START DATA PROVIDED
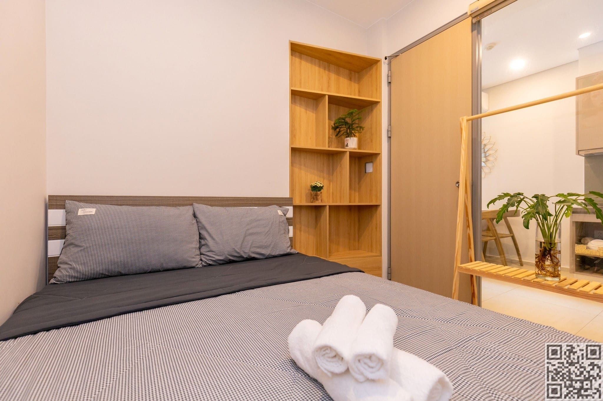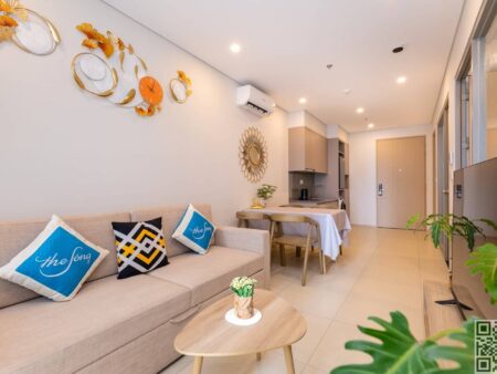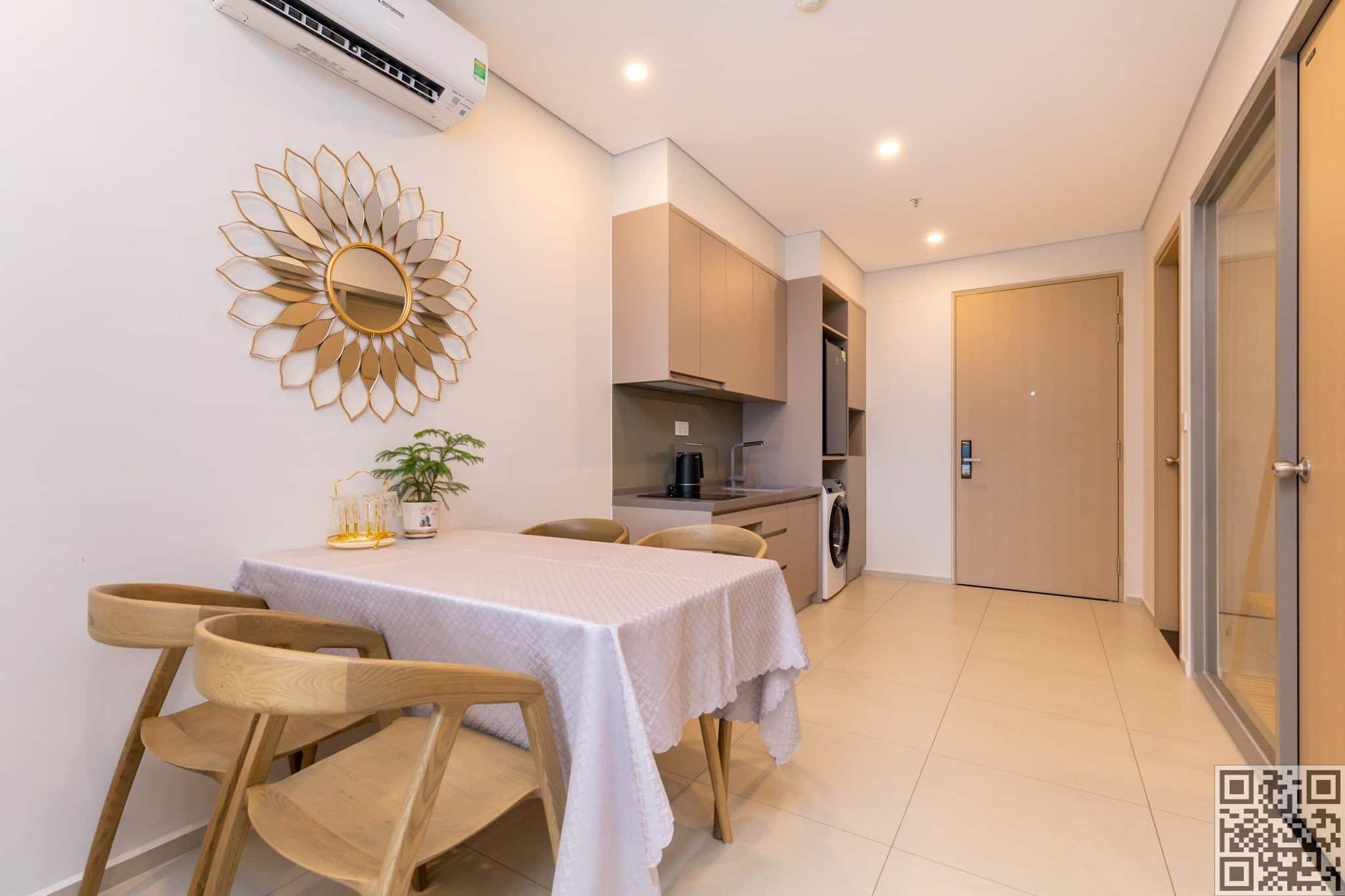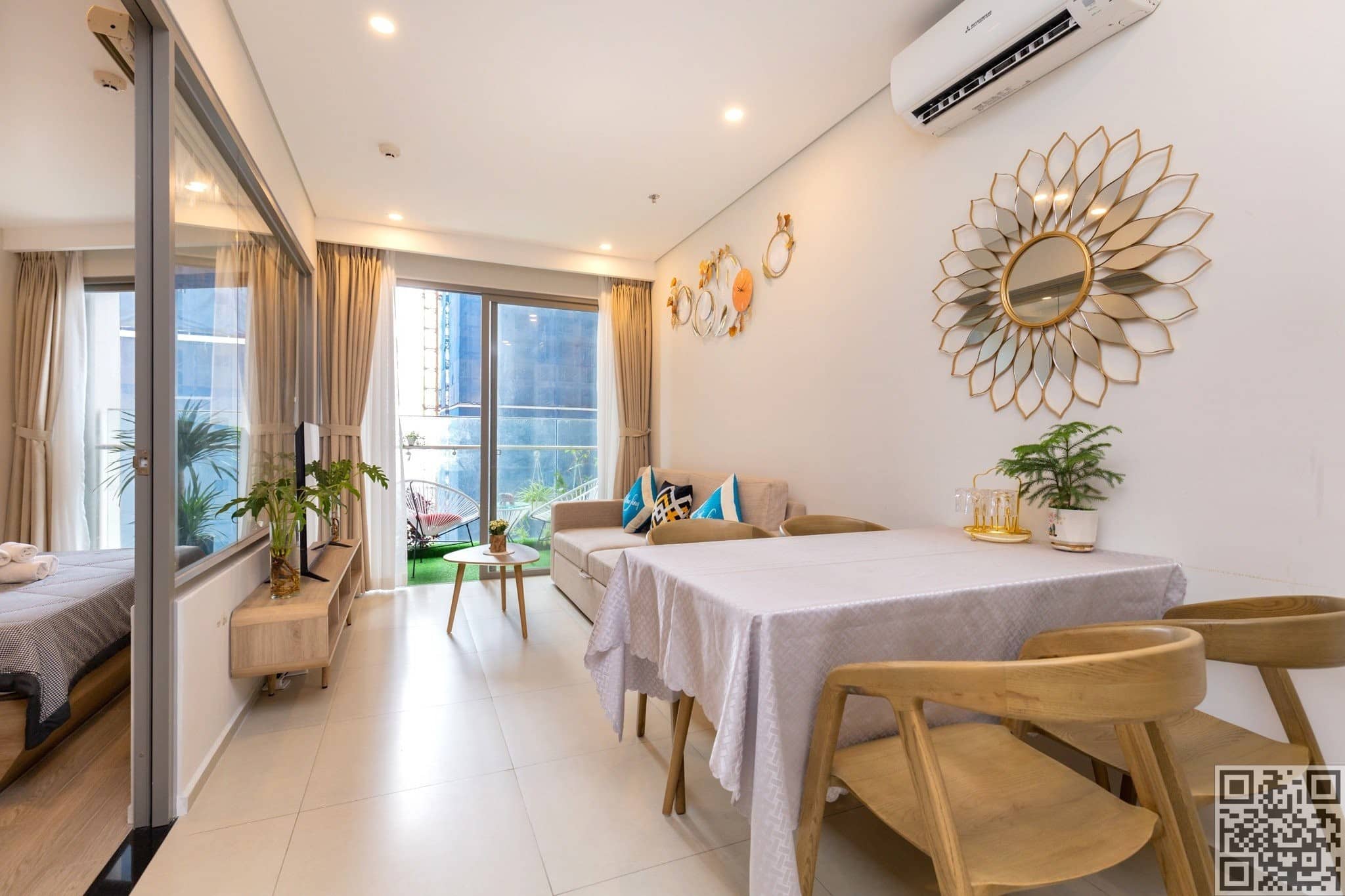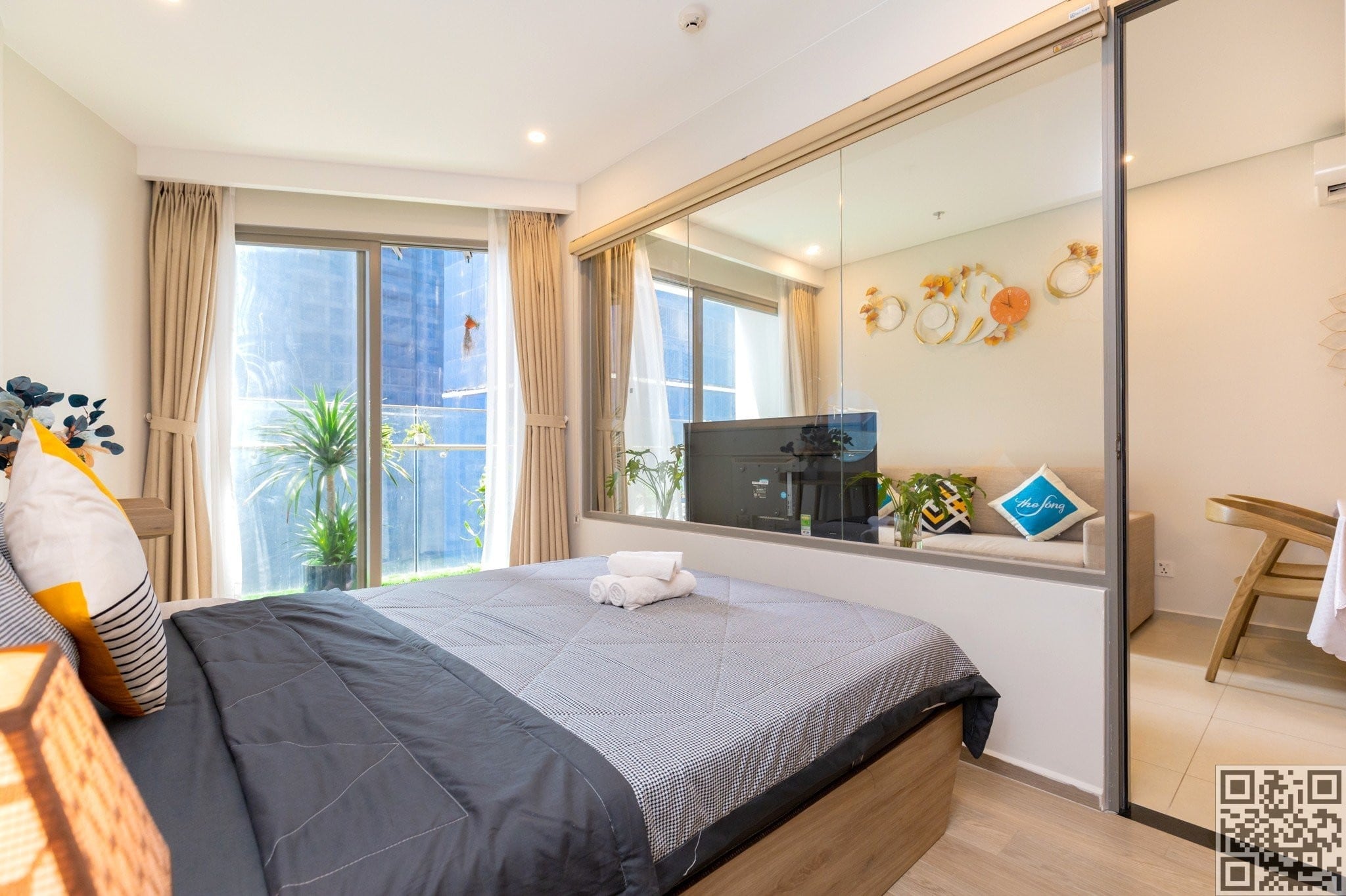 - Căn hộ được trang bị đầy đủ nội thất và tiện nghi, bao gồm máy lạnh, máy giặt, máy nước nóng, máy sấy tóc, quạt máy, Tivi Smart Home, Wifi cáp quang, truyền hình cáp, dầu gội, sữa tắm, khăn tắm, kem đánh răng và nhiều vật dụng cá nhân khác.
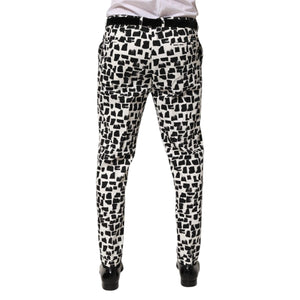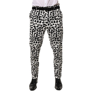 • Dolce & Gabbana Black White Abstract Print Cotton Blend Pants with tailored fit and premium craftsmanship, men's fashion trousers.
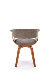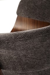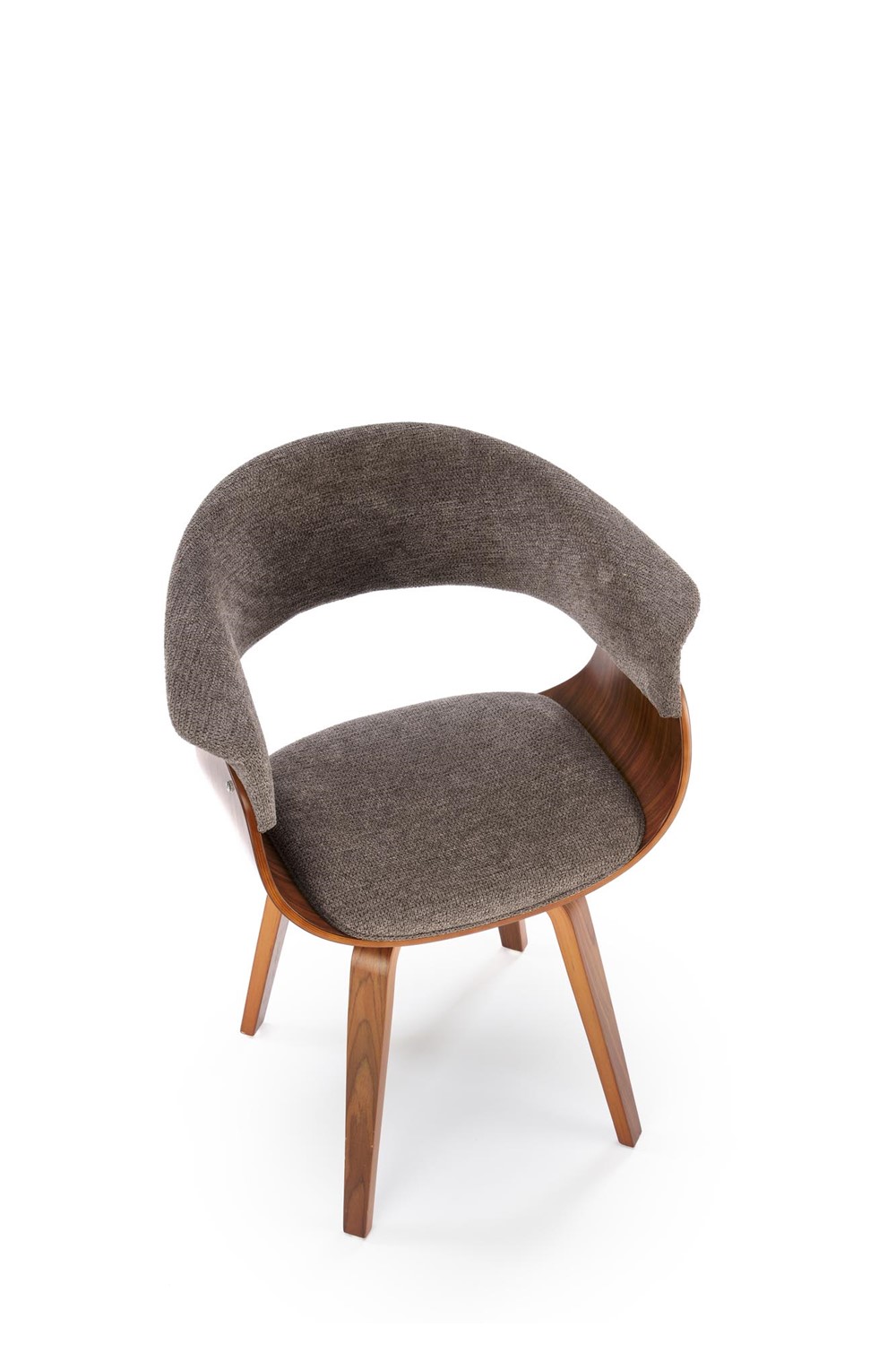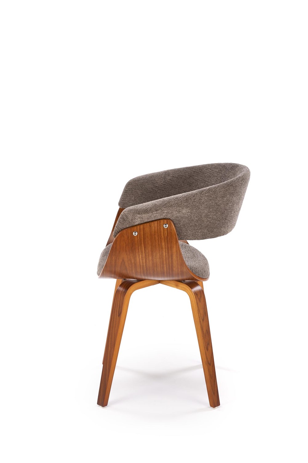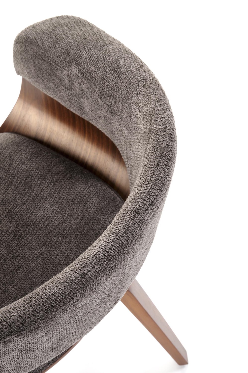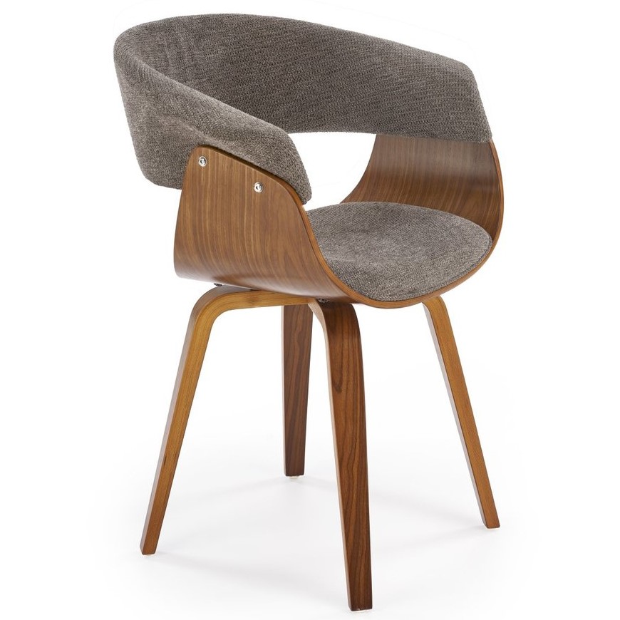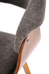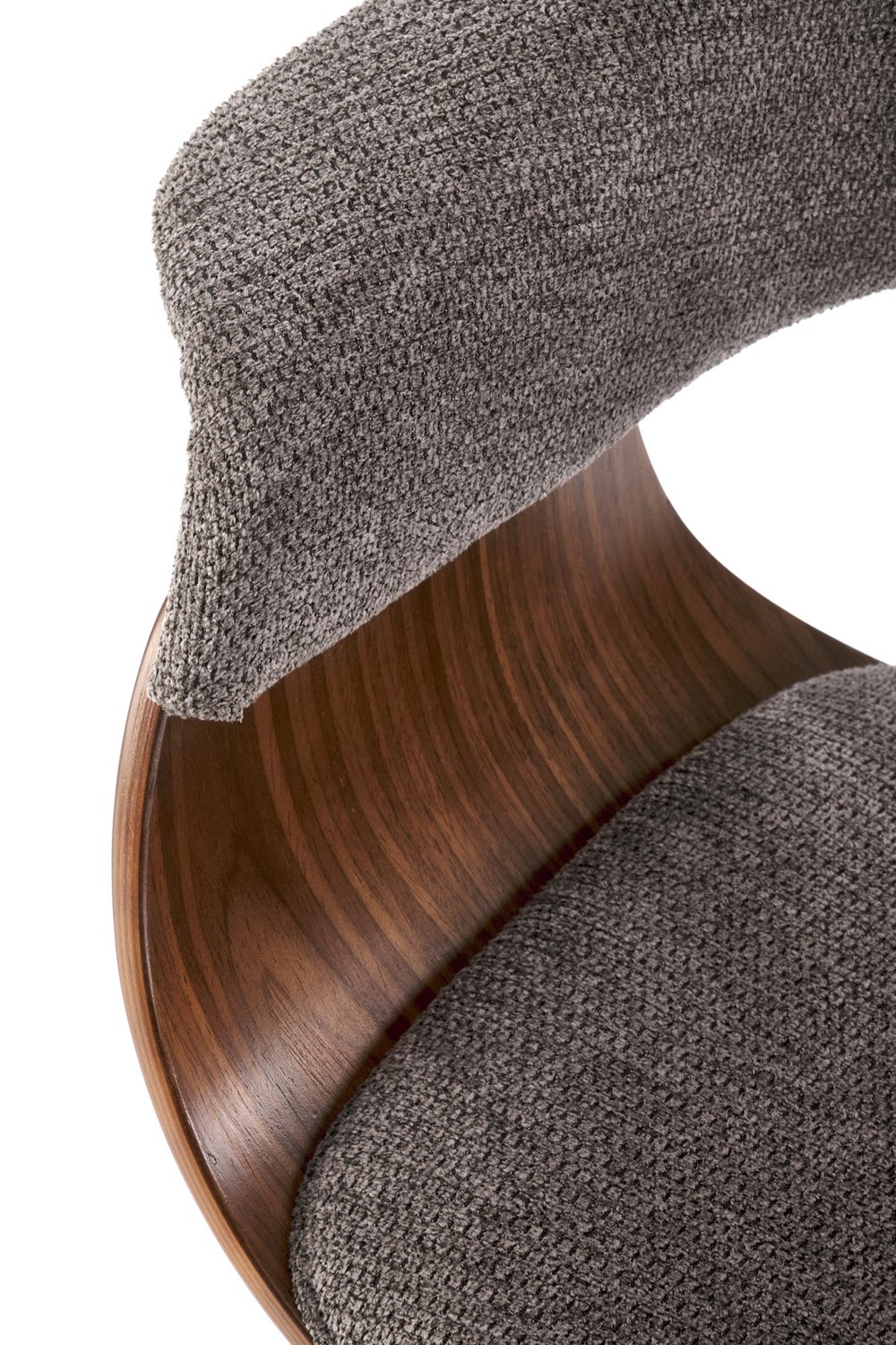 Eleganckie krzesło, które wyróżnia się nietuzinkowym designem i starannym wykonaniem. Jego stelaż został precyzyjnie wykonany z giętej sklejki, nadając mu lekkości, jednocześnie zachowując solidność. Orzechowy kolor stelaża dodaje meblowi ciepła i naturalnego uroku. Siedzisko i oparcie krzesła są obite wysokiej jakości popilatą tkaniną, co nadaje mu wyjątkowego charakteru i nowoczesnego wyglądu. Szara tkanina nie tylko prezentuje się elegancko, ale również jest łatwa w utrzymaniu czystości, co sprawia, że krzesło jest praktyczne i łatwe do pielęgnacji.
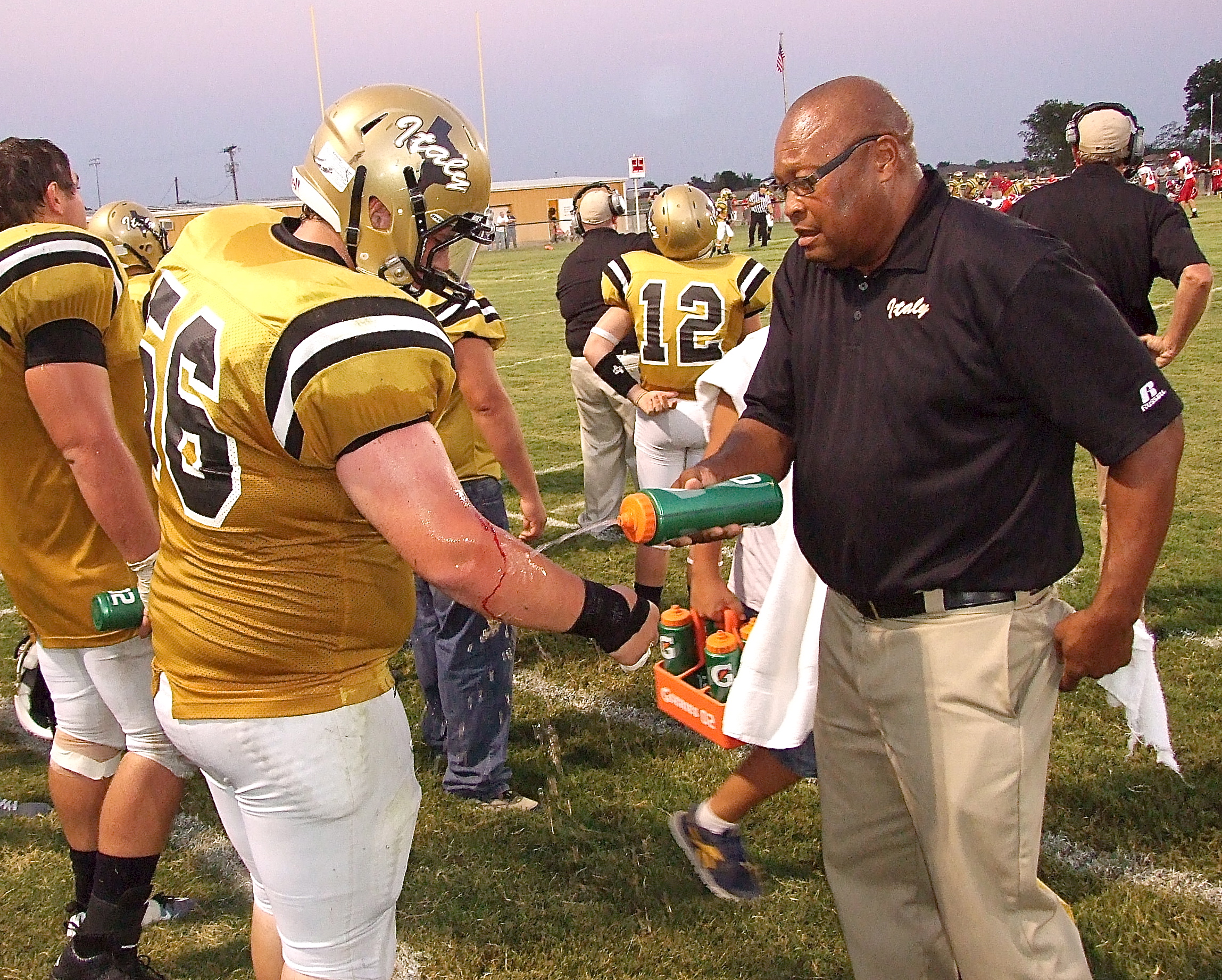 Injured again? John Byers(56) is forced back out of the game with a cut on his arm after returning for one play after having a dislocated finger reset. Assistant coach Larry Mayberry, Sr., acts as the cut man for the king’s of the world. (Barry Byers)
END DATA PROVIDED
» **TASK INSTRUCTIONS**
Your answer must be an exact copy of the listing, with every picture omitted.

» **REPLY TO THE TASK**
 - Căn hộ được trang bị đầy đủ nội thất và tiện nghi, bao gồm máy lạnh, máy giặt, máy nước nóng, máy sấy tóc, quạt máy, Tivi Smart Home, Wifi cáp quang, truyền hình cáp, dầu gội, sữa tắm, khăn tắm, kem đánh răng và nhiều vật dụng cá nhân khác.
 • Dolce & Gabbana Black White Abstract Print Cotton Blend Pants with tailored fit and premium craftsmanship, men's fashion trousers.
 Eleganckie krzesło, które wyróżnia się nietuzinkowym designem i starannym wykonaniem. Jego stelaż został precyzyjnie wykonany z giętej sklejki, nadając mu lekkości, jednocześnie zachowując solidność. Orzechowy kolor stelaża dodaje meblowi ciepła i naturalnego uroku. Siedzisko i oparcie krzesła są obite wysokiej jakości popilatą tkaniną, co nadaje mu wyjątkowego charakteru i nowoczesnego wyglądu. Szara tkanina nie tylko prezentuje się elegancko, ale również jest łatwa w utrzymaniu czystości, co sprawia, że krzesło jest praktyczne i łatwe do pielęgnacji.
 Injured again? John Byers(56) is forced back out of the game with a cut on his arm after returning for one play after having a dislocated finger reset. Assistant coach Larry Mayberry, Sr., acts as the cut man for the king’s of the world. (Barry Byers)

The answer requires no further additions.